Is your acquisition oblique? If you look at the figure on page 1 of what you attached, the upper portion of the sagittal view, it looks like you could draw a line diagonally above the activation pattern. Could it be that different parts of the brain got cut-off for different subjects? If this is true, it might make normalization more difficult.

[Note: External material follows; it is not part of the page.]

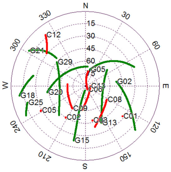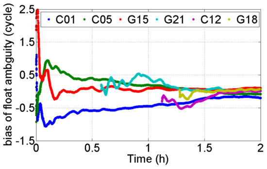 In principle, the geometric structure of GPS/BDS is considerably better than that of single GPS. However, a confused phenomenon is shown in Figure 2. That is, the precision of the height component for the GPS/BDS-combined situation was lower than that for the single GPS system in the initial period (e.g., sessions 1 and 6). In fact, the precision of float RTK positions will also be influenced by the precision of float ambiguities, particularly for satellites with a low elevation angle. Figure 6 shows the bias of float ambiguities for satellites with low elevation angle when the aforementioned baseline was solved using GPS/BDS data during this period. The biases of float solutions were determined by subtracting integer ambiguities from float solutions. The initialization time of BDS satellites C01 and C05 was considerably longer than that of the other satellites. Notably, C01 and C05 are GEO satellites with positions that remain nearly static with respect to ground stations. GEO satellites lack variation in geometric structure, hence ambiguity convergence time is considerably longer than that of satellites with other orbit types when the elevation angle is relatively close. Although the GEO satellites have some disadvantages regarding parameter initialization, the positioning performance will be improved after their ambiguities convergence.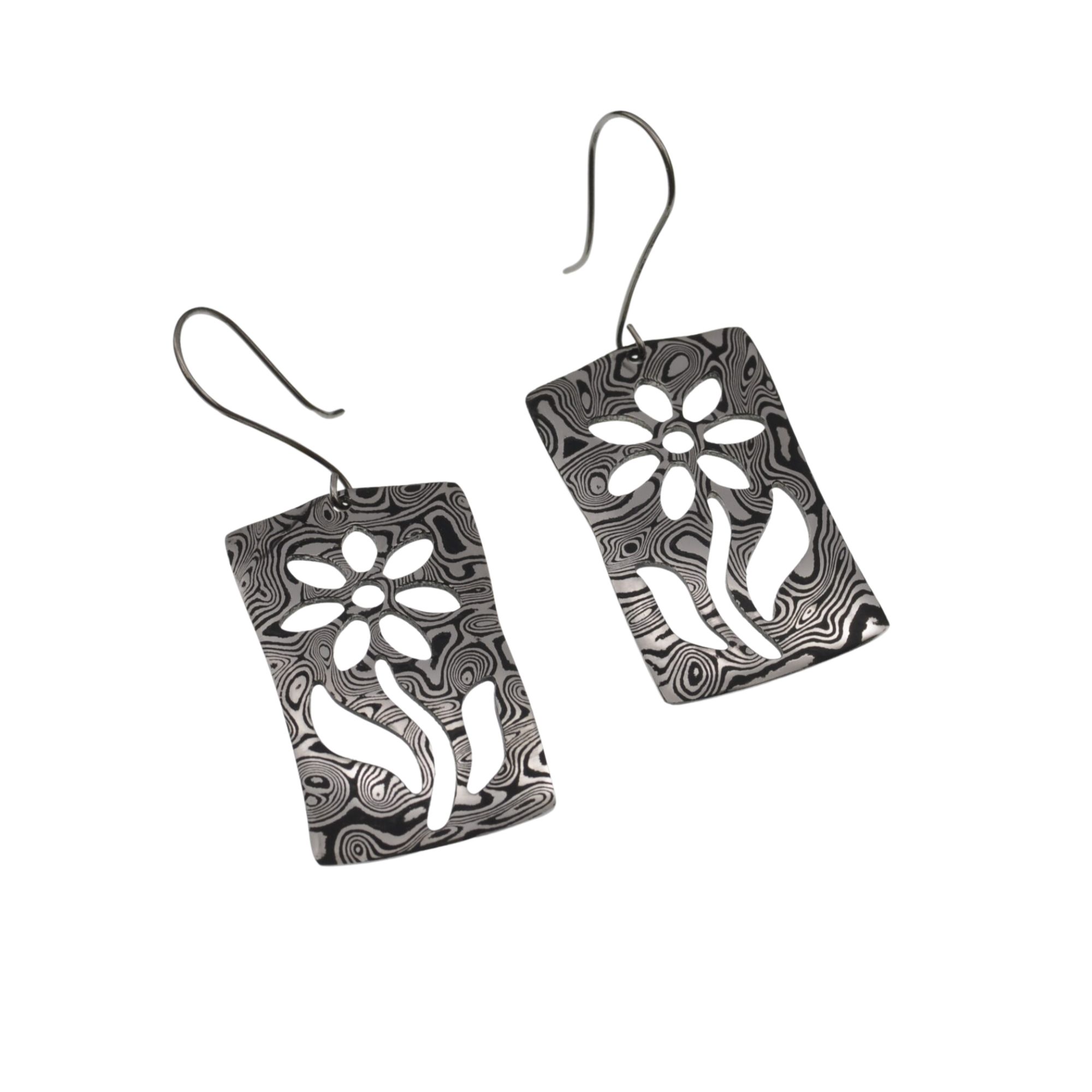 Orecchini in damasco di acciaio inossidabile Piastre fiore

On 11/07/2012 12:13 PM, Kirsten Labudda wrote:
[log in to unmask]" type="cite">
Yes, those activations were located within the basal ganglia ... and it
does not make a lot of sense (at least if it is the only activation that
'survived'). I also ran these analyses in a larger sample (22 subjects).
The first versus second level discrepancy also occured. The
normalization seemed to be ok. Nevertheless, we also applied a
non-linear normalization, but the 'unusual' results remained. I'll check
the amount of movement again.
I attached some of the results again. I think the first file was to
large for the mailing list.
Thanks again,
Kirsten


---------------------------------------------------------
Dr. Kirsten Labudda, Dipl.-Psych.

Krankenhaus Mara 

MRT-Abteilung 
Tel.: 0521-772 777 61 
& 
Station für Psychosomatische Epileptologie 
Tel.: 0521-772 789 22 
---------------------------------------------------------

Chris Watson <[log in to unmask]> 7.11.2012
17:46 >>>
Is that bilateral thalamic and caudate activation? Is that something 
that makes sense for your experiment?
I think what you're seeing *could* be due to only having 9 subjects; 
however, if you see the standard L frontal activation in most/all of 
them, then I don't know what might be causing the discrepancy. Is there

an especially high amount of motion in these subjects? Does the 
normalization look right?


On 11/07/2012 11:46 AM, Kirsten Labudda wrote:
Dear Chris,
thanks for your quick response. I attached the screenshots of both
first and second level analyses versions I conducted (version 1:
only
the activation condition was modelled; version 2: activation and
rest
was modelled on the first level) in the small group. I used the
movement
parameters as regressors in the first level analysis. The second
level
results are thersholded at p<.001 as only very few voxel survived
the
thershold of p<.05 FWE corrected on the second level.
Thanks for your help!
Kirsten

---------------------------------------------------------
Dr. Kirsten Labudda, Dipl.-Psych.

Krankenhaus Mara

MRT-Abteilung
Tel.: 0521-772 777 61
&
Station für Psychosomatische Epileptologie
Tel.: 0521-772 789 22
---------------------------------------------------------

Chris Watson<[log in to unmask]>  7.11.2012
16:38>>>
Can you post screenshots of your design matrix, the results of 1st
and
2nd-level analyses, etc?

Regarding your design: you only need one regressor, for the task. A
contrast of "1" will reflect "task>  rest".
You also might want to exclude the movement parameters, if your
experiment is a block design. Check what the literature says on that
matter.


On 11/07/2012 09:46 AM, Kirsten wrote:
Dear fMRI-experts,
we wonder about conflicting results of the first and second level
analysis we conducted with our fMRI data. We used a simple blocked
verbal fluency task with one activation condition (verbal fluency,
10
blocks) and a rest condition (also 10 blocks). I wonder, whether we
did
something wrong when using SPM (we used SPM8 and 5 and have the
problem
with both versions). That’s what we did: After preprocessing
(realignment, normalization, smoothing), we conducted a first level
analysis specifying the verbal fluency blocks as activation condition
in
each subject (by entering the onset scans of each block and its
duration
in terms of scans) and used the movement parameters as individual
regressors. We defined two contrasts (verbal fluency: 1 and rest:
-1).
Is it ok not to model the resting condition separately? We thought so
as
our design only includes two conditions and with that the vector 1
automatically contains the information activation>   rest, right?
Nevertheless, I also conducted the first level analysis with the two
conditions modeled separately using two T-contrasts then (verbal
fluency>   rest: 1 -1 and rest>verbal fluency -1 1). Both first
level
procedures lead to very similar results reflecting typical cortical
language activations.
I then used the contrast images (the activation condition>rest,
again
of both first level procedures described above) in the second level
analysis to run a one-sample t-test with the contrasts: activation>
rest: 1 and rest>activation: -1. Surprisingly, the typical cortical
language activation from the first level analysis completely
disappeared. Instead, only subcortical activation remained (that was
present in the first level analysis, too, but it was much weaker
than
the typical language activation).
We have the problem of very incongruent first and second level
results with SPM5 and 8 and within two different patient groups (one
was
small having 8 subjects only, but the other group includes 22
subjects).
Does anybody have an idea why the first and second level results
are
so divergent? Did we simply do something wrong in SPM?